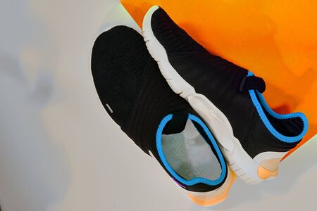 Johannesburg, South Africa - September 12, 2016: Colorful Nike footwears exhibition on black shelf in store of Johannesburg, South Africa. Nike Inc. is an American multinational corporation for the design, manufacturing and worldwide marketing of sportwea
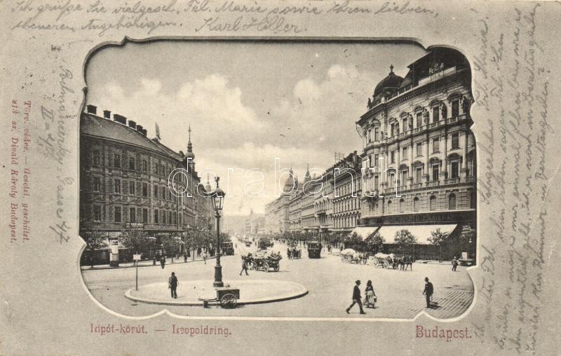 Leírás: Budapest XIII. Lipót körút, Café Vígszínház kávéház, Brück Károly üzlete, villamosok. Divald Károly 213. (EB)
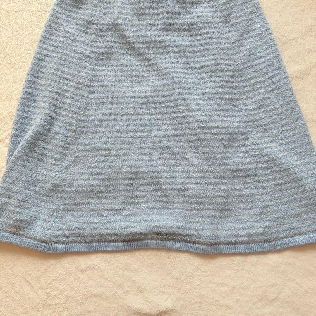 柔らかな水色のニットフレアスカート。

WHAT IS NEEDED: Print all the material above verbatim and omit its pictures.

EXERCISE OUTPUT:
 Johannesburg, South Africa - September 12, 2016: Colorful Nike footwears exhibition on black shelf in store of Johannesburg, South Africa. Nike Inc. is an American multinational corporation for the design, manufacturing and worldwide marketing of sportwea
 Leírás: Budapest XIII. Lipót körút, Café Vígszínház kávéház, Brück Károly üzlete, villamosok. Divald Károly 213. (EB)
 柔らかな水色のニットフレアスカート。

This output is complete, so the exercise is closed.